Task description: In the records below, repeat exactly the lines between the line holding "The environment framework" and the line holding "We buy and sell", inclusive, and drop the pictures.

Entries supplied:
::::

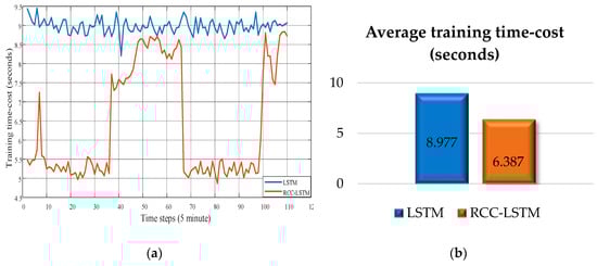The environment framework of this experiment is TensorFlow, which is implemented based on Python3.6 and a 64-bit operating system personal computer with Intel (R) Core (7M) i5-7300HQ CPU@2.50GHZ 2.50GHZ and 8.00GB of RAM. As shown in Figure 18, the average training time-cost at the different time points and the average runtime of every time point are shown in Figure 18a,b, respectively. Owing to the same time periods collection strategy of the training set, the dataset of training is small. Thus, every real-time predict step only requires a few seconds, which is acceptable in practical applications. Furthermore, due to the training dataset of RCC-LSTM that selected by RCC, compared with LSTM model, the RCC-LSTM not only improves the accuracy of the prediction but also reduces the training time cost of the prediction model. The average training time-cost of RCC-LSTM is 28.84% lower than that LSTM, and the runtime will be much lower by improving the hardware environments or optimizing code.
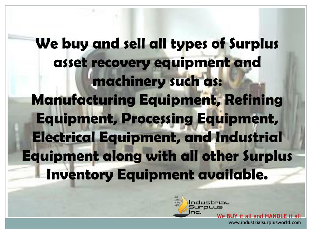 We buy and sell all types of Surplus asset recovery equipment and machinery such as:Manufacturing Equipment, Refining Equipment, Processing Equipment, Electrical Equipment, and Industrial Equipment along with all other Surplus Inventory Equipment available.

::::

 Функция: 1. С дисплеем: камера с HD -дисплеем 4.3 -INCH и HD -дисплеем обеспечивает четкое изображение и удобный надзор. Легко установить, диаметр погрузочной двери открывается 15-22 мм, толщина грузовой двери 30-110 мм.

::::

Solution to this exercise:
The environment framework of this experiment is TensorFlow, which is implemented based on Python3.6 and a 64-bit operating system personal computer with Intel (R) Core (7M) i5-7300HQ CPU@2.50GHZ 2.50GHZ and 8.00GB of RAM. As shown in Figure 18, the average training time-cost at the different time points and the average runtime of every time point are shown in Figure 18a,b, respectively. Owing to the same time periods collection strategy of the training set, the dataset of training is small. Thus, every real-time predict step only requires a few seconds, which is acceptable in practical applications. Furthermore, due to the training dataset of RCC-LSTM that selected by RCC, compared with LSTM model, the RCC-LSTM not only improves the accuracy of the prediction but also reduces the training time cost of the prediction model. The average training time-cost of RCC-LSTM is 28.84% lower than that LSTM, and the runtime will be much lower by improving the hardware environments or optimizing code.
 We buy and sell all types of Surplus asset recovery equipment and machinery such as:Manufacturing Equipment, Refining Equipment, Processing Equipment, Electrical Equipment, and Industrial Equipment along with all other Surplus Inventory Equipment available.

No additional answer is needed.